Dana White reveals the shocking news he received from ‘mortality expert’ Gary Brecka: “He gave me 10.4 years to live”
UFC President Dana White recently visited ‘mortality expert’ Gary Brecka and the news he got back was not great.
During a recent episode of the ‘Action Junkeez Podcast‘, White revealed that he was recently seen by “human biologist & mortality expert,” Gary Brecka, who can apparently tell folks their expiry date based on blood and DNA markers.
“So this guy can take your blood and your DNA and tell you when you’re gonna die,” enthused White. “And he’s right within a month. How crazy is that? So I was fucking obsessed, I had to know. So he’s down in Miami… So I become fucking obsessed with finding out the month I’m gonna die. We’re down there for my son’s 21st birthday party in Miami. I connect with this guy and they come in and do my blood work and they scrape the insides of your cheeks to do your DNA. And I’m gonna find out—it’s a Thursday, Friday, Saturday, Sunday we’re down there—the following Wednesday is when my results are supposed to be back.”
Dana White continued (h/t BloodyElbow):
“So he calls me—all I’m talking about is finding out this date—and he says, ‘I’m gonna come out, personally, and walk you through your blood work. And I’m like, ‘Motherf-cker.’ I wanted to know today, when this was gonna happen… So, he ends up coming out, he sits down for three-and-a-half hours and goes through my blood work. And I’m all fucked up. My triglycerides are like 764—they should be down between 80 and 150—and everything else that could possibly be bad is bad. He gave me 10.4 years to live. This was 16 weeks ago. And he says, ‘If you don’t change these things that you’re gonna do, this is your life expectancy right now.’”
Thankfully for Dana White, the diagnosis was not set in stone as Brecka informed him the UFC boss a ten-week program that could help extend his life by years.
“First of all, the thing that freaked me out the most was: he did my blood work—I didn’t tell this guy jack shit about me, my medical history, what was going on with me personally—he told me everything that was wrong with me,” White revealed. “Shit that I didn’t even tell my wife. Told me what was wrong with me, told me everything that was wrong with me, from my blood work.
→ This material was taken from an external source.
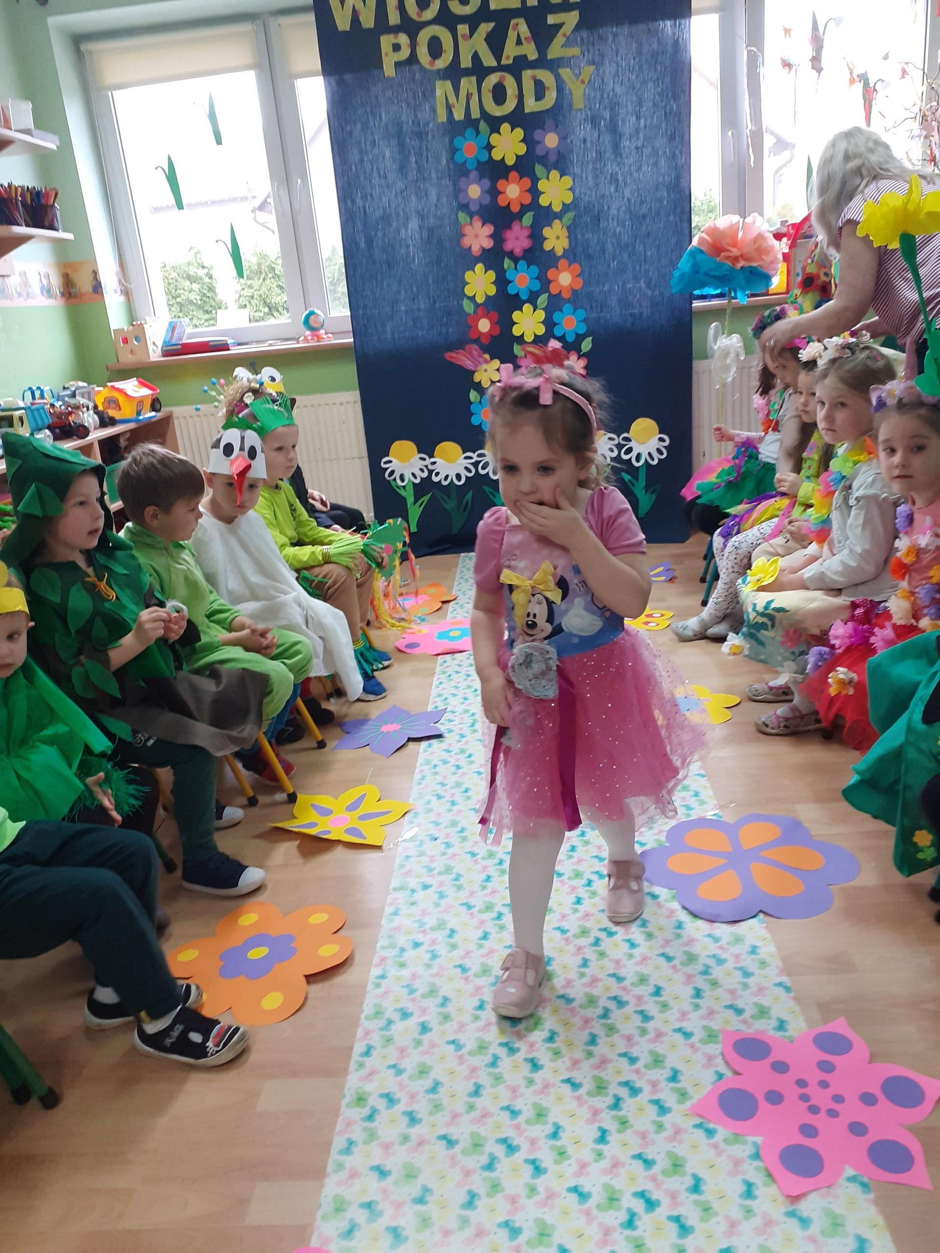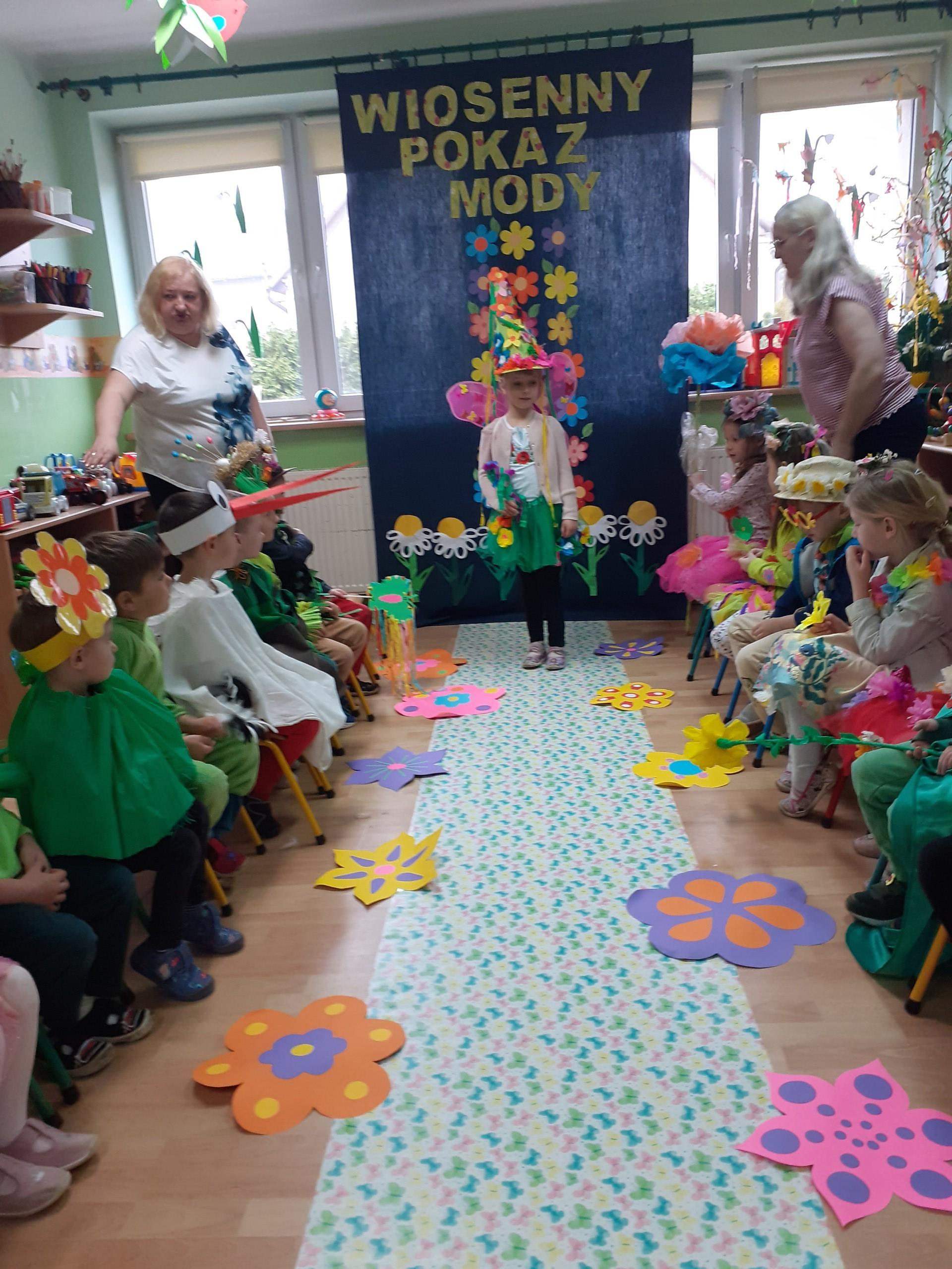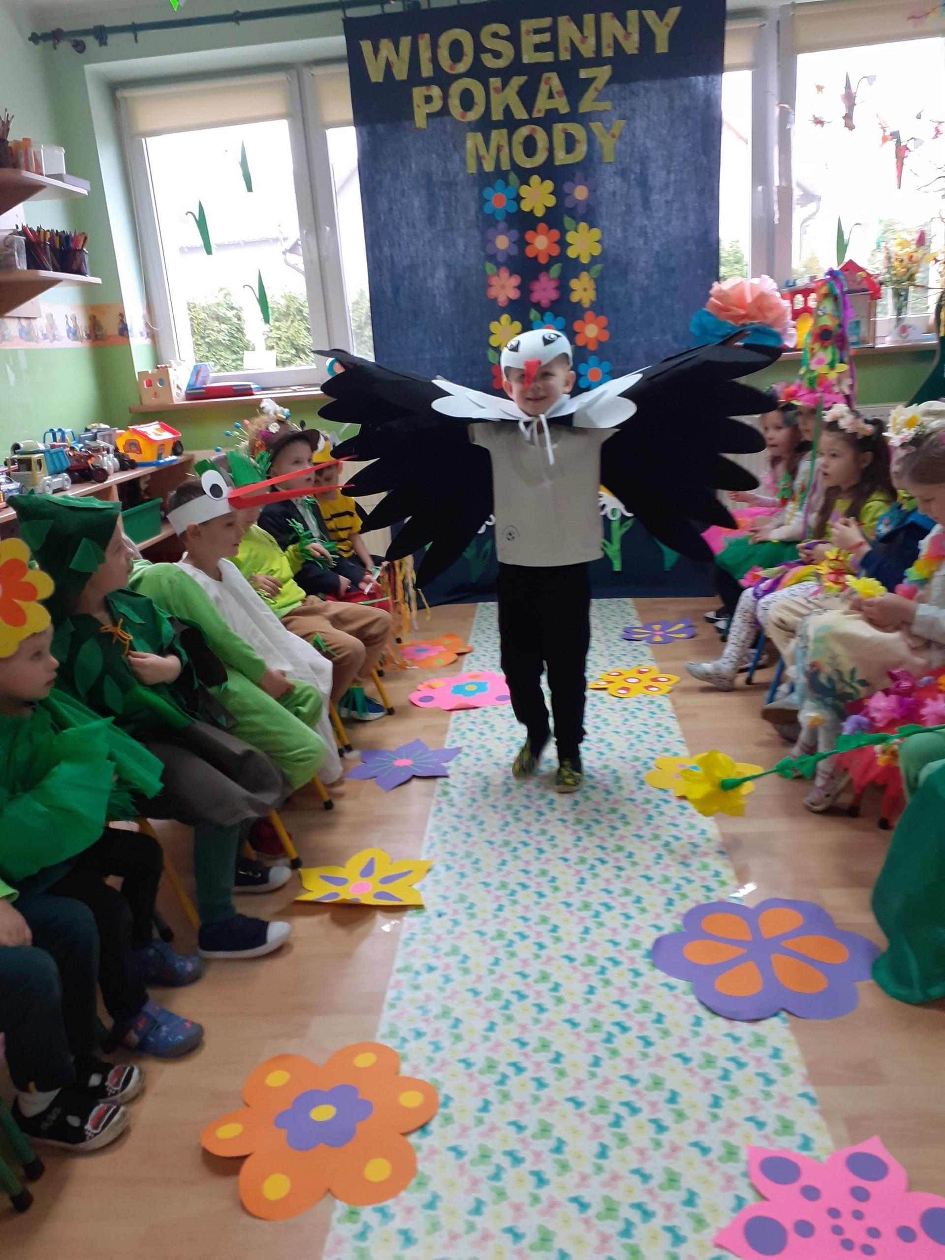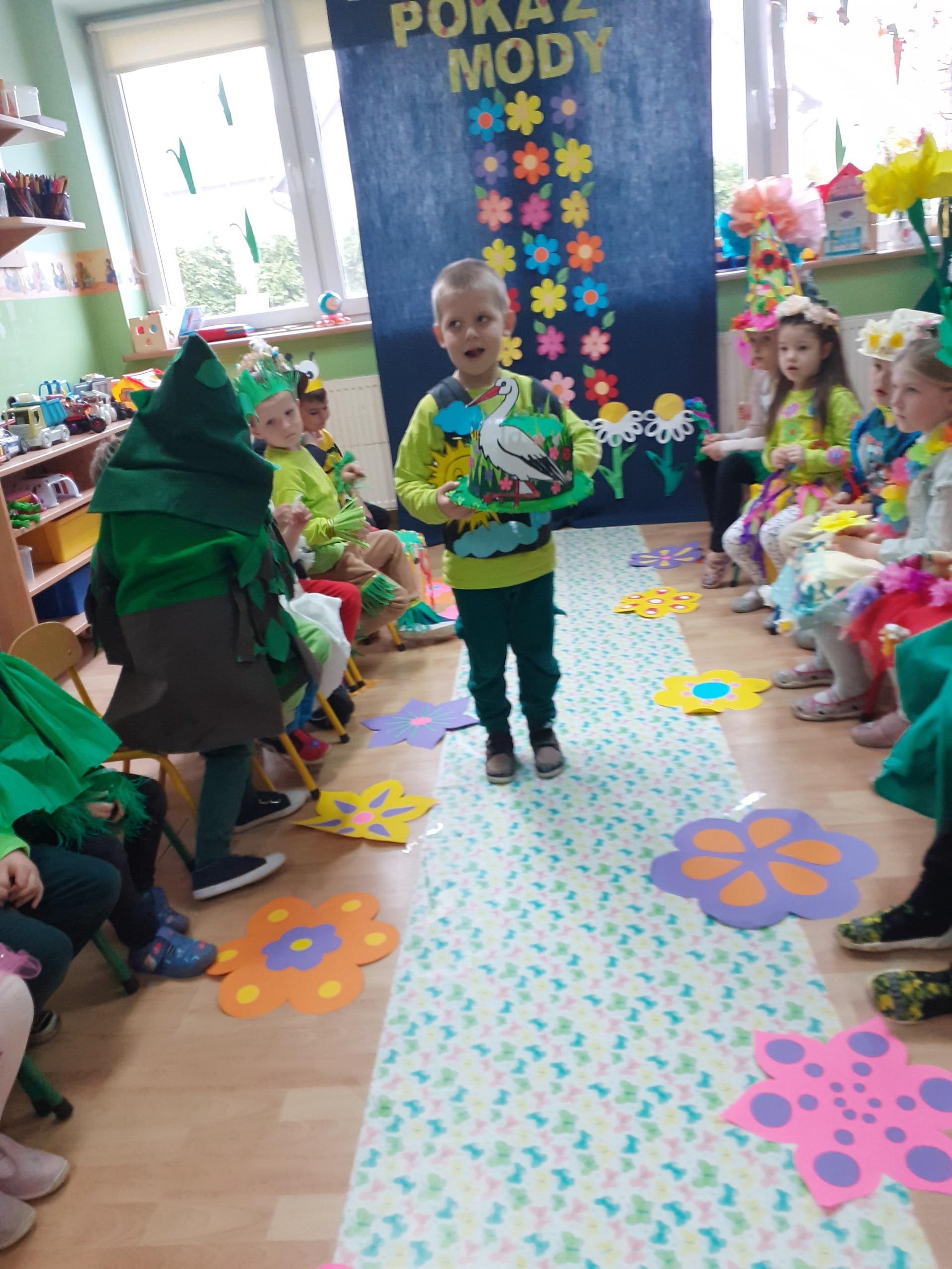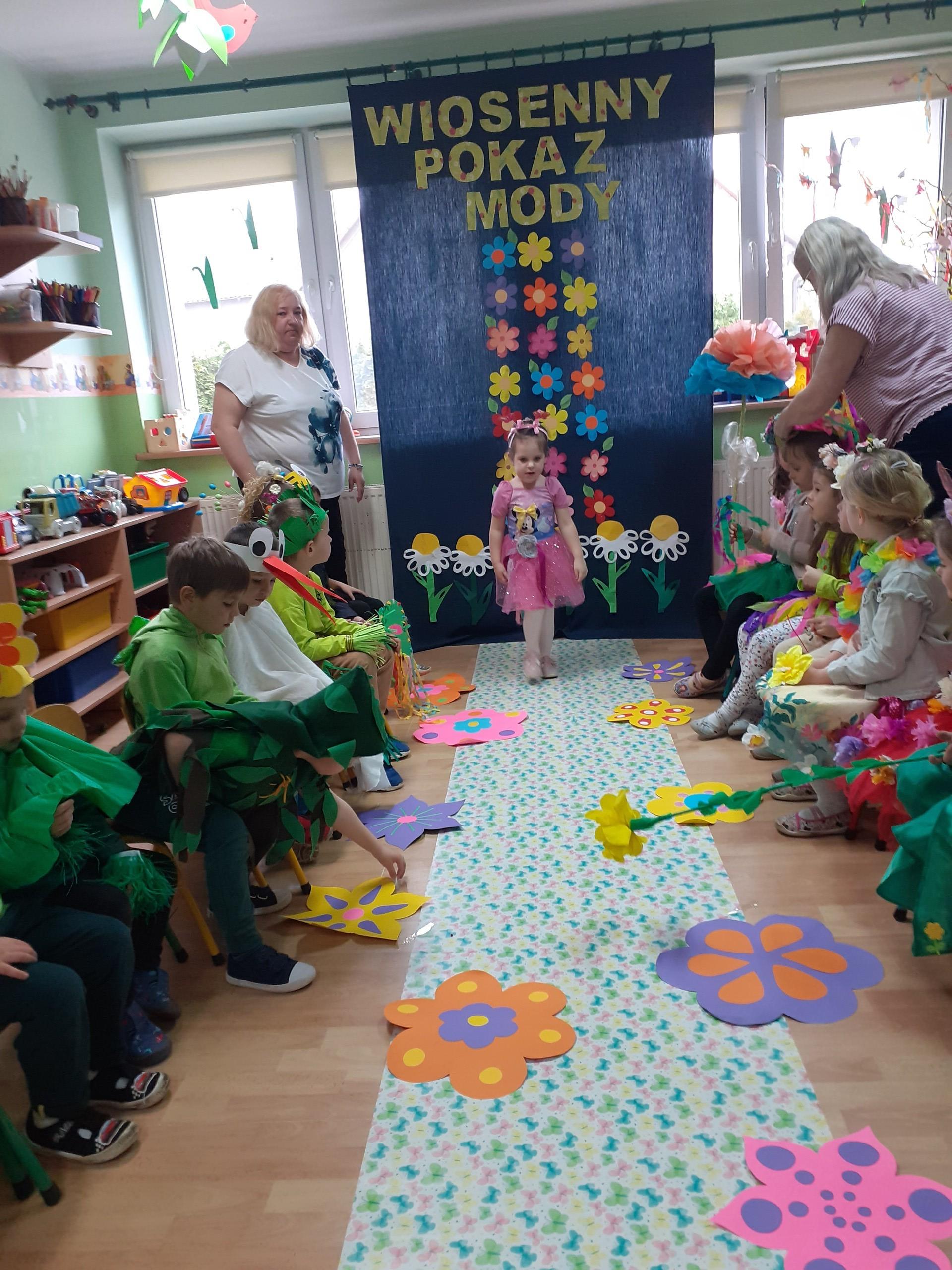 W tym dniu w przedszkolu zagościła prawdziwa Wiosna. Wszystkie przedszkolaki przybyły do przedszkola w wyjątkowych strojach, aby zaprezentować się na specjalnym wybiegu. Nie zawiodła pomysłowość Dzieci i Rodziców. Kreacje przygotowano według własnych pomysłów, wykonano je z wszelkich dostępnych materiałów: różnorodnych tkanin, bibuły, wstążek, kwiatów. Wszystkie były wyjątkowe, a przede wszystkim kolorowe i oryginalne.

“So he says, ‘If you do what I tell you to do for the next ten weeks, I promise you I’ll change your whole life.’ So I’m one of these people that, if I set my mind to do something, I absolutely do it. So I did everything he said, to the letter. I lost 30 pounds. My legs were so fucked up 13 weeks ago, I couldn’t tie my shoes. I couldn’t bend over to tie my shoes, because my legs were fucked up. I could barely walk some days.
“Sleep apnea, snoring; I had these doctors that I went to for 10 years, asking them, ‘What’s wrong with my legs?’ They couldn’t fucking tell me,” White explained. “I told them I was having problems with sleep apnea and snoring. They sent me to one of those sleep studies where you go sleep for four fucking hours. And then they give you a fucking C-Pap machine that a 400 lb fucking guy uses. I sleep with it for 20 minutes and rip it off my face and throw it on the floor. No more sleep apnea, I don’t snore anymore. Everything is gone in 10 fucking weeks. I’ve been working with doctors for 10 years that couldn’t do it.”
Dana White concluded by suggesting he now feels 35 years young again.
“I feel like I’m 35-years-old again. Swear to god, I feel like I’m 35 again.”